Learning analytics have become a game-changer in education by using big data to analyse student behaviours, predict student outcomes and provide personalised interventions. This paper outlines the main components in learning analytics including data collection, predictive modelling and personalised educational strategies. It demonstrates how predictive models can be used to identify at-risk students and why real-time feedback can keep students engaged and motivated. Two case studies and examples of the data are used to illustrate how institutions can shift from reactive to proactive mode using learning analytics to track engagement, performance, and personalise the learning path. The study also shows that learning technologies are becoming adaptive to personalise learning experience, which results in a more learner-centric approach to education catering for the individual needs of students. Overall, the study demonstrates the role of learning analytics in creating a data-driven environment, which improves the student learning success and retention by addressing the challenges ahead of time.

Keywords:

Learning analytics, big data, predictive modeling, student engagement, at-risk students.

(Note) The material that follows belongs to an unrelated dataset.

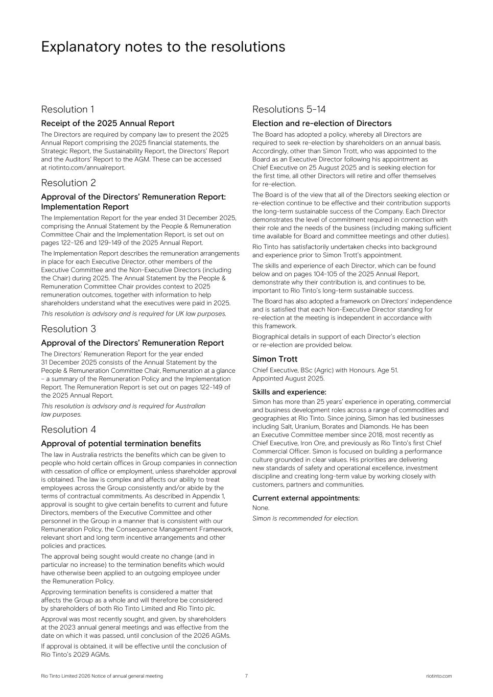 Explanatory notes to the resolutions Resolution 1 Receipt of the 2025 Annual Report The Directors are required by company law to present the 2025 Annual Report comprising the 2025 financial statements, the Strategic Report, the Sustainability Report, the Directors’ Report and the Auditors’ Report to the AGM. These can be accessed at riotinto.com/annualreport. Resolution 2 Approval of the Directors’ Remuneration Report: Implementation Report The Implementation Report for the year ended 31 December 2025, comprising the Annual Statement by the People & Remuneration Committee Chair and the Implementation Report, is set out on pages 122-126 and 129-149 of the 2025 Annual Report. The Implementation Report describes the remuneration arrangements in place for each Executive Director, other members of the Executive Committee and the Non-Executive Directors (including the Chair) during 2025. The Annual Statement by the People & Remuneration Committee Chair provides context to 2025 remuneration outcomes, together with information to help shareholders understand what the executives were paid in 2025. This resolution is advisory and is required for UK law purposes. Resolution 3 Approval of the Directors’ Remuneration Report The Directors’ Remuneration Report for the year ended 31 December 2025 consists of the Annual Statement by the People & Remuneration Committee Chair, Remuneration at a glance – a summary of the Remuneration Policy and the Implementation Report. The Remuneration Report is set out on pages 122-149 of the 2025 Annual Report. This resolution is advisory and is required for Australian law purposes. Resolution 4 Approval of potential termination benefits The law in Australia restricts the benefits which can be given to people who hold certain offices in Group companies in connection with cessation of office or employment, unless shareholder approval is obtained. The law is complex and affects our ability to treat employees across the Group consistently and/or abide by the terms of contractual commitments. As described in Appendix 1, approval is sought to give certain benefits to current and future Directors, members of the Executive Committee and other personnel in the Group in a manner that is consistent with our Remuneration Policy, the Consequence Management Framework, relevant short and long term incentive arrangements and other policies and practices. The approval being sought would create no change (and in particular no increase) to the termination benefits which would have otherwise been applied to an outgoing employee under the Remuneration Policy. Approving termination benefits is considered a matter that affects the Group as a whole and will therefore be considered by shareholders of both Rio Tinto Limited and Rio Tinto plc. Approval was most recently sought, and given, by shareholders at the 2023 annual general meetings and was effective from the date on which it was passed, until conclusion of the 2026 AGMs. If approval is obtained, it will be effective until the conclusion of Rio Tinto’s 2029 AGMs. Resolutions 5-14 Election and re-election of Directors The Board has adopted a policy, whereby all Directors are required to seek re-election by shareholders on an annual basis. Accordingly, other than Simon Trott, who was appointed to the Board as an Executive Director following his appointment as Chief Executive on 25 August 2025 and is seeking election for the first time, all other Directors will retire and offer themselves for re-election. The Board is of the view that all of the Directors seeking election or re-election continue to be effective and their contribution supports the long-term sustainable success of the Company. Each Director demonstrates the level of commitment required in connection with their role and the needs of the business (including making sufficient time available for Board and committee meetings and other duties). Rio Tinto has satisfactorily undertaken checks into background and experience prior to Simon Trott’s appointment. The skills and experience of each Director, which can be found below and on pages 104-105 of the 2025 Annual Report, demonstrate why their contribution is, and continues to be, important to Rio Tinto’s long-term sustainable success. The Board has also adopted a framework on Directors’ independence and is satisfied that each Non-Executive Director standing for re-election at the meeting is independent in accordance with this framework. Biographical details in support of each Director’s election or re-election are provided below. Simon Trott Chief Executive, BSc (Agric) with Honours. Age 51. Appointed August 2025. Skills and experience: Simon has more than 25 years’ experience in operating, commercial and business development roles across a range of commodities and geographies at Rio Tinto. Since joining, Simon has led businesses including Salt, Uranium, Borates and Diamonds. He has been an Executive Committee member since 2018, most recently as Chief Executive, Iron Ore, and previously as Rio Tinto’s first Chief Commercial Officer. Simon is focused on building a performance culture grounded in clear values. His priorities are delivering new standards of safety and operational excellence, investment discipline and creating long-term value by working closely with customers, partners and communities. Current external appointments: None. Simon is recommended for election. 7Rio Tinto Limited 2026 Notice of annual general meeting riotinto.com

Luo,X. (2024). Learning Analytics Based on Big Data: Student Behavior Prediction and Personalized Educational Strategy Formulation. Applied and Computational Engineering,116,7-13.
Export citation

1. Introduction

The digital transformation of the educational field has led to the utilisation of data-driven technologies that provide new ways of enhancing learning experiences. Among these, learning analytics are one of the most prominent technologies that enable educational institutions to collect and use large amounts of student data. This capability can be used to track students' engagement and academic performance, but also to predict future outcomes, all in real-time. Educational platforms continuously expand, hence the amount of data generated also increases and becomes a great resource for predictive modelling. Predictive models help determine which students are at risk of failing, thus providing targeted interventions, such as tutoring, mentoring or making modifications to their course. These transformations have significant effects on reducing dropout rates, enhancing retention, and improving student success. In addition to predicting students' outcomes, learning analytics also helps provide personalised feedback and adapt learning pathways. Due to continuously monitoring their performance, learning analytics can enable institutions to adapt the amount of content delivery to each individual's needs. This process promotes an inclusive learning environment, where students are engaged and motivated to learn. Furthermore, because learning analytics systems are based on algorithms, these automated procedures provide feedback to large numbers of students and enable them to receive feedback in a timely manner [1]. With growing complexity of learning environments, it is essential that all efforts are made to deliver quality education by taking appropriate data-driven decisions. This paper will discuss the major components of learning analytics, starting from data collection and machine-learning procedures to personalised educational strategies, and explain their impacts to improve student success.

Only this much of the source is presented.